THE INPUT |
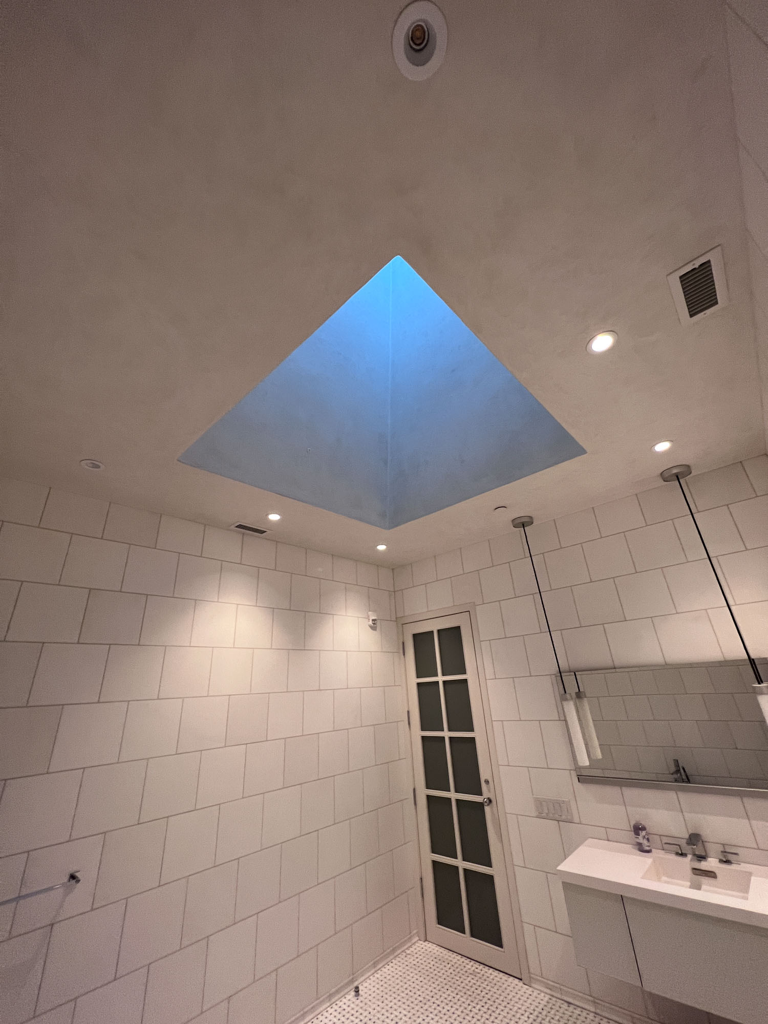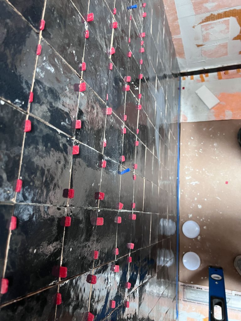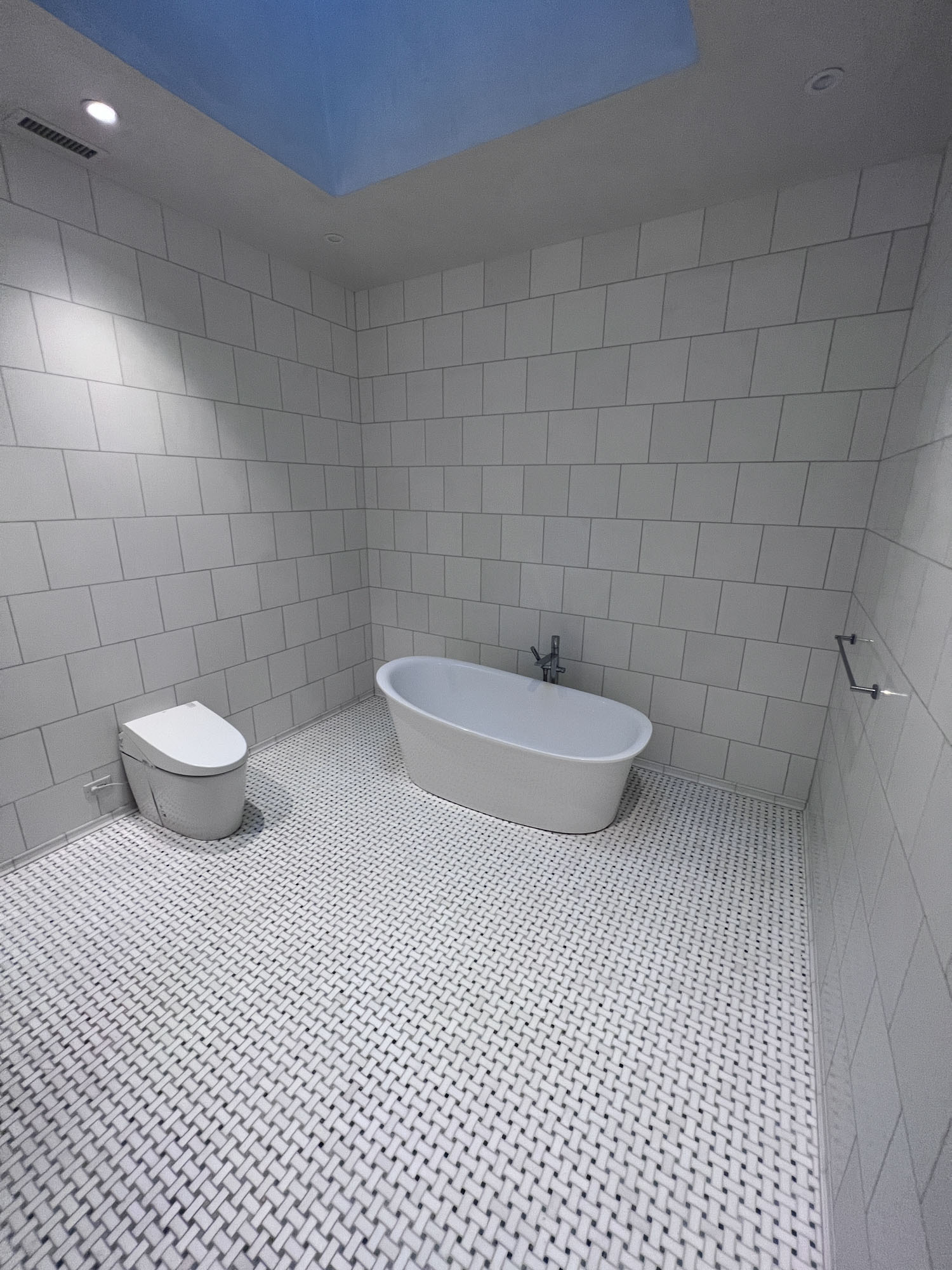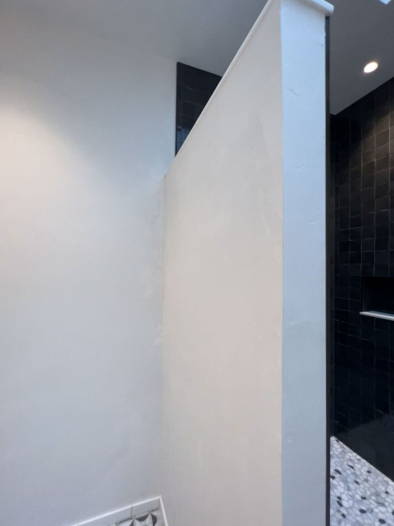 The shower was finished with Clé Tile Zellige tile and a pebble floor. The product specs will be below in full detail. The alcove was finished with faux Venetian plaster to match the rest of the condo. The bathroom would receive new marble floor tile that would bring color into the bathroom. Black grid glass would finish off the design along with chrome fixtures.
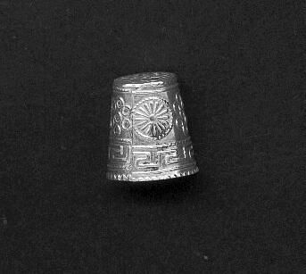 Silver thimble, side seamed, slightly fluted. At rim a row of beading, then a wide row of the Greek key design. From band to top the 7 Olympic rings alternate around with a radiating disc, Top is flat and knurled in a mesh form. Stamped 925 above the Greek key band.
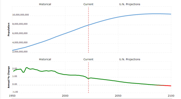 Kvinner får færre barn. Fruktbarheten, antall fødsler per kvinne, har vært fallende i flere tiår. Kvinner har fått økt mulighet til å ta utdannelse og flere kvinner er i arbeid. I tillegg har bruken av prevensjonsmidler økt. I 1950 var det globale fruktbarhetstallet målt til 5 barn per kvinne, mens i 2022 har tallet falt til 2,3 og det forventes å falle videre til 2,1 i 2050.
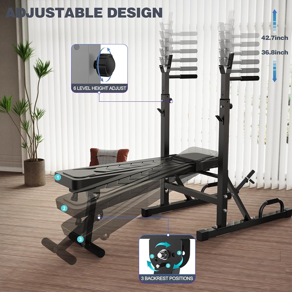 【مجموعة ارتفاع قابلة للتعديل】 يمكن تعديل رف الجرس إلى 6 مستويات مختلفة حتى تتمكن من اختيار ارتفاع قضيب الجرس لتسهيل الوصول إليه. بالإضافة إلى ذلك، مع 3 أوضاع لمسند الظهر قابلة للتعديل، يمكن أن يسمح لك جهاز ضغط المقعد هذا المزود بحامل بالتمرين في أوضاع وكثافات متعددة، مما يوفر لك خيارات إضافية للياقة البدنية.
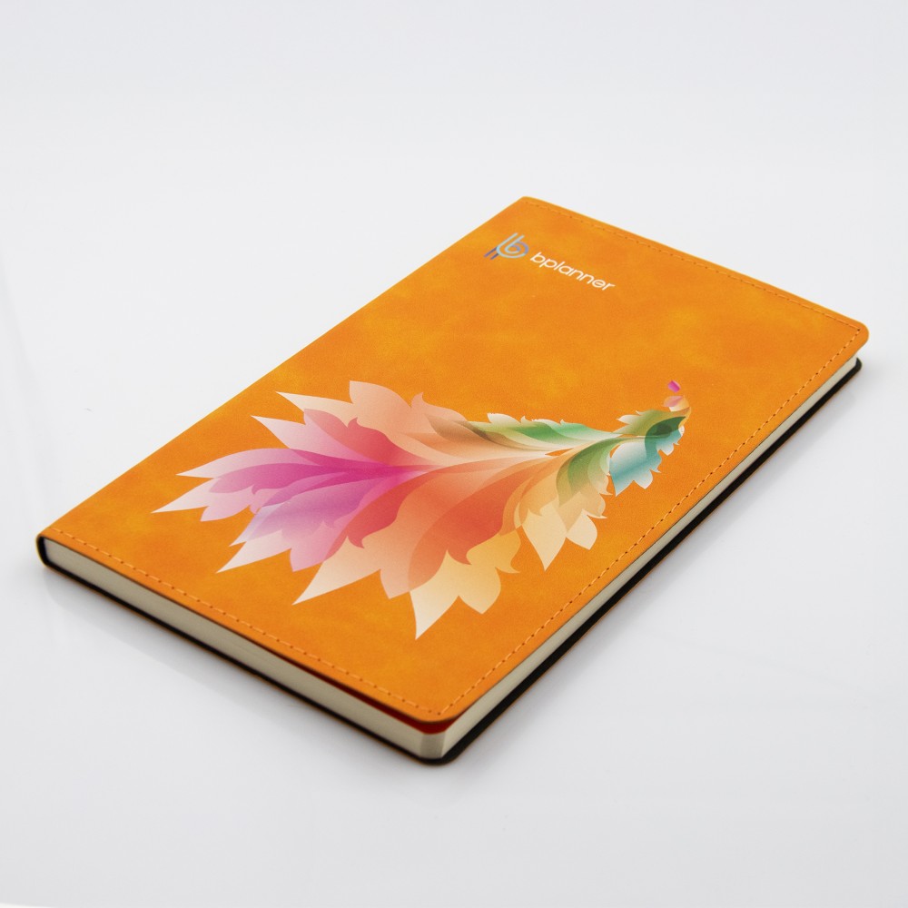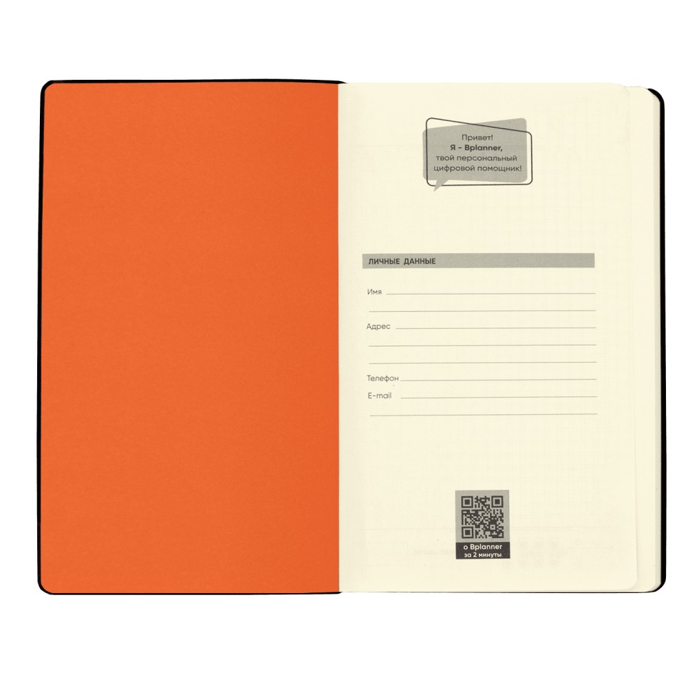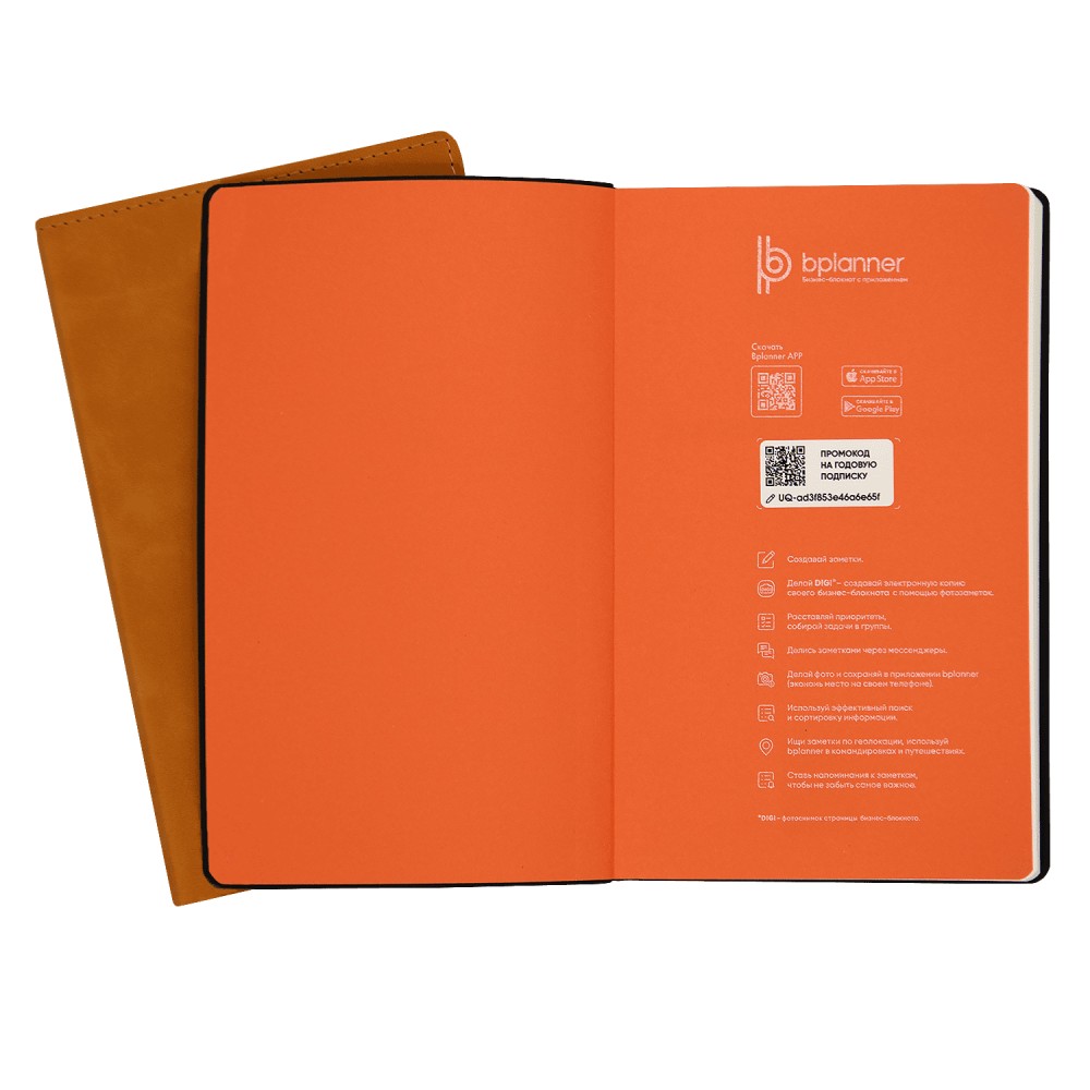 Bplanner. 05 — абсолютно новая модель в линейке Bplanner. Это бизнес-блокнот с недатированным тонированным блоком в клетку. Блок имеет ряд особенностей: наличие титульного листа с возможностью добавления личных данных и контактной информации, трекер воды и шагов на каждой странице и 3 разворота для заметок в конце блокнота. Обложка изготовлена из экокожи Nubuk-touch и имеет прострочку по краю в цвет материала. Фактура материала напоминает замшу или нубук. У блокнотов цветной форзац и нахзац. Блокнот подходит для УФ-печати и тиснения логотипа компании. На форзаце расположен qr-код, который активирует годовой доступ к мобильному приложению.
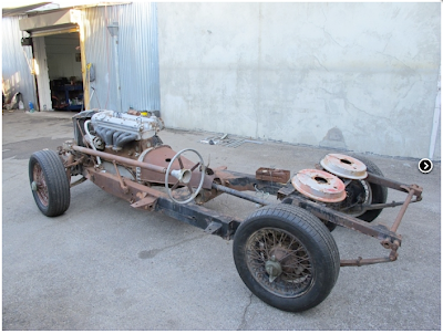 No mention if the engine turns over or even runs, so lets just say for our purposes it runs swimmingly. Then visualize a one off roadster built on this chassis. I’m thinking more Allard than Excalibur. If it was done right maybe you’d get entrance into some of the old time races like the Mille Milia. Just hope you take a stiff one to the front end or that steering wheel is going to be a permanent resident where there was once comfort and solice.
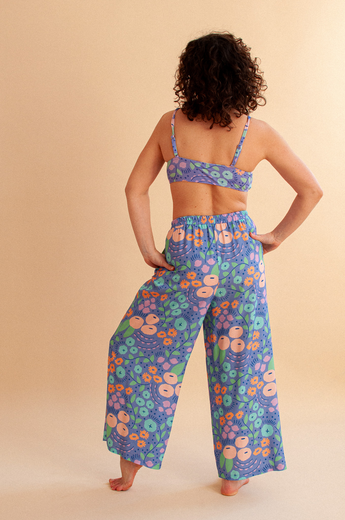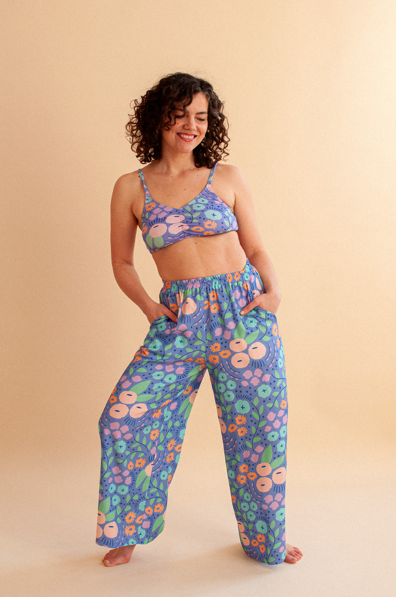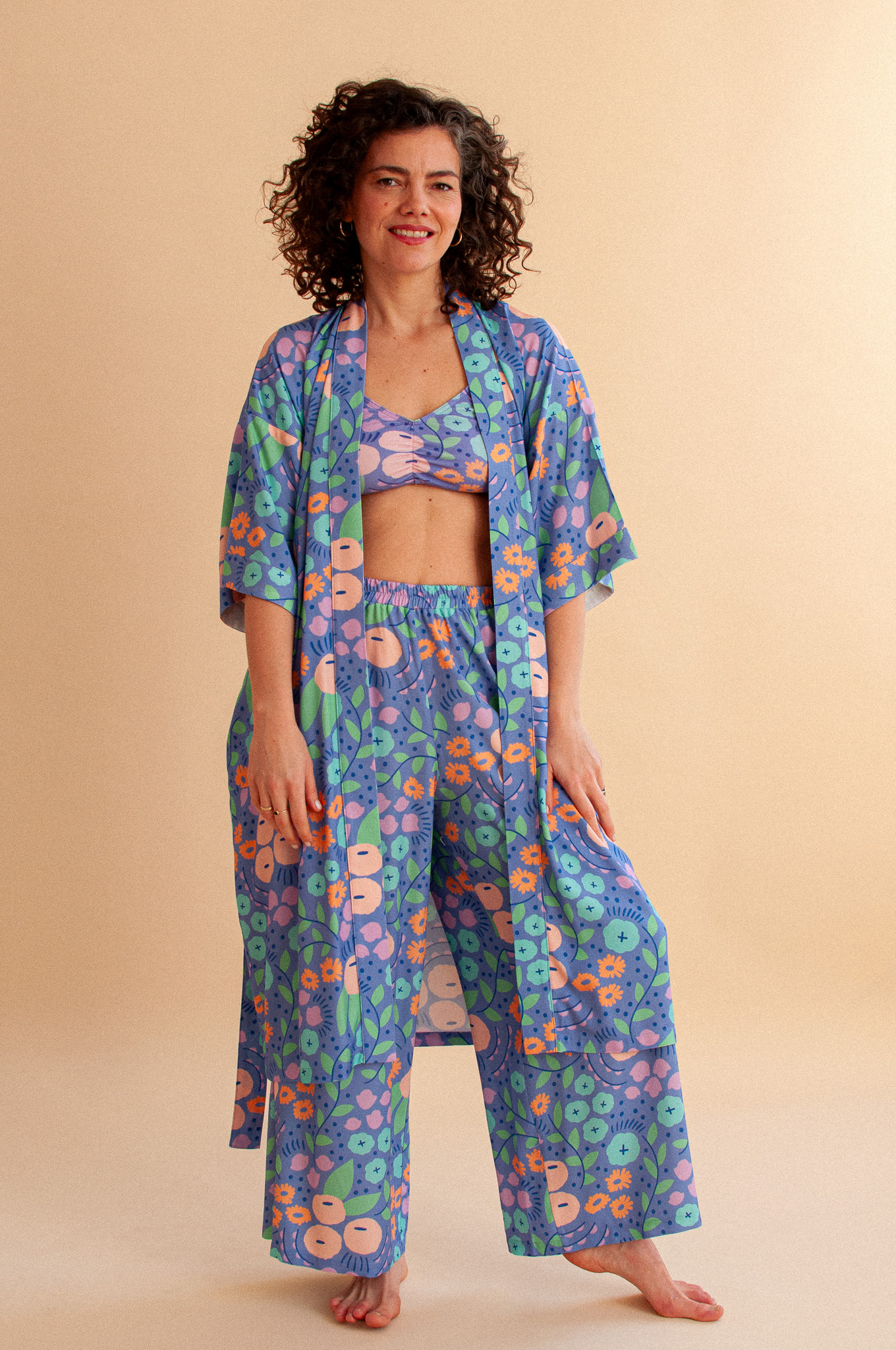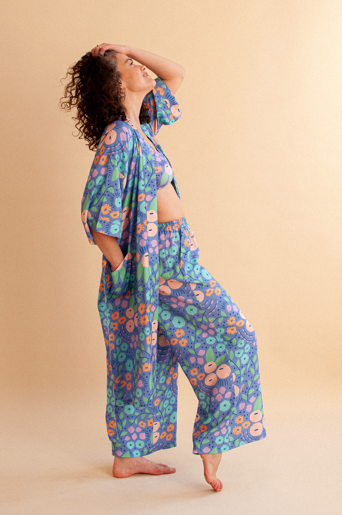 Spodnie Aster Tiny Garden Blue to baza Twojego nowego, ulubionego zestawu. Zestaw je z naszym krótkim lub długim kimonem w tym samym wzorze, aby stworzyć niesamowity Total Look.
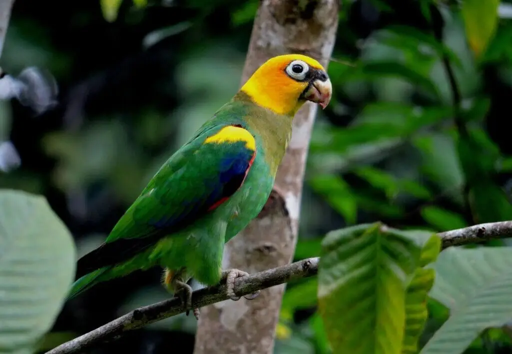 Loro Saffron-headed (Pyrilia pyrilia): Con su cabeza de un vibrante amarillo y cuerpo verde, es una vista deslumbrante en los bosques colombianos.
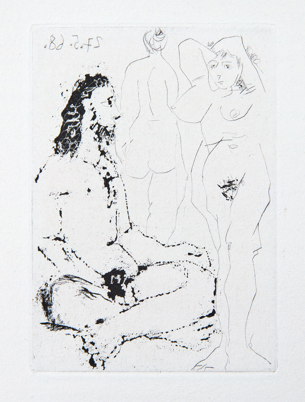 Between March 16 and October 5, 1968, Picasso worked on the plates almost daily, using various techniques (sometimes on the same plate); he was impatient to see the impression as soon as it was pulled by Aldo and Piero Crommelynck, who had installed their atelier at Mougins.
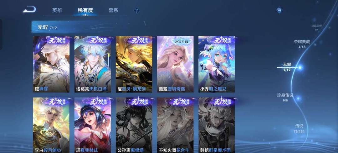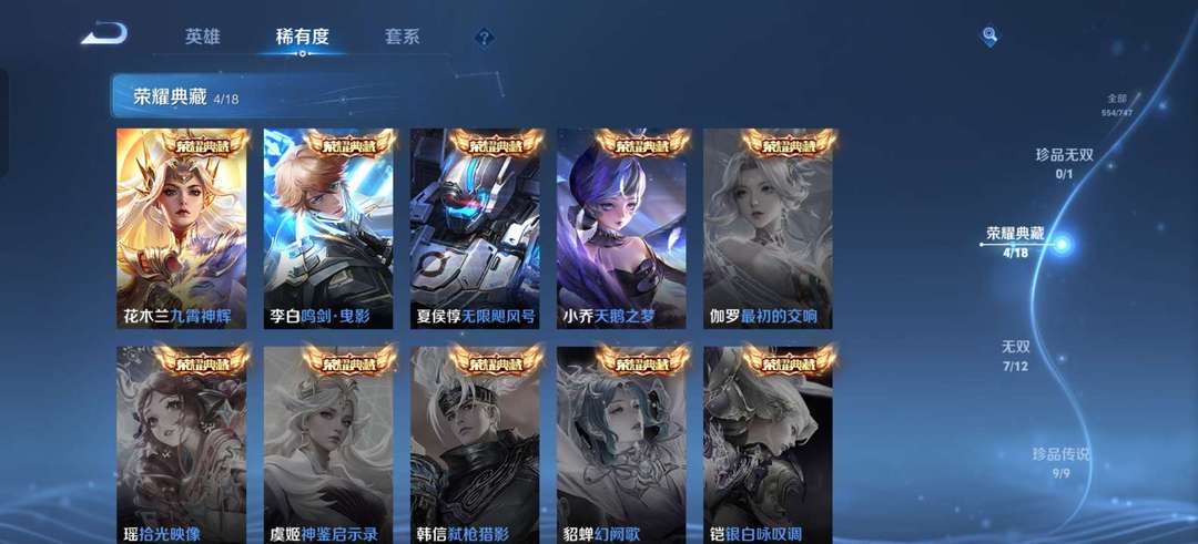 无双贵十,552个皮肤,荣耀王者,7无双皮,4荣耀典藏皮

EXERCISE INSTRUCTIONS | Reproduce, exactly and only, the lines of the records above starting at the line with "Loro Saffron-headed (Pyrilia" and ending at the line with "Between March 16", both included. Leave every picture out.

SOLUTION FOR THIS PROBLEM |
 Loro Saffron-headed (Pyrilia pyrilia): Con su cabeza de un vibrante amarillo y cuerpo verde, es una vista deslumbrante en los bosques colombianos.
 Between March 16 and October 5, 1968, Picasso worked on the plates almost daily, using various techniques (sometimes on the same plate); he was impatient to see the impression as soon as it was pulled by Aldo and Piero Crommelynck, who had installed their atelier at Mougins.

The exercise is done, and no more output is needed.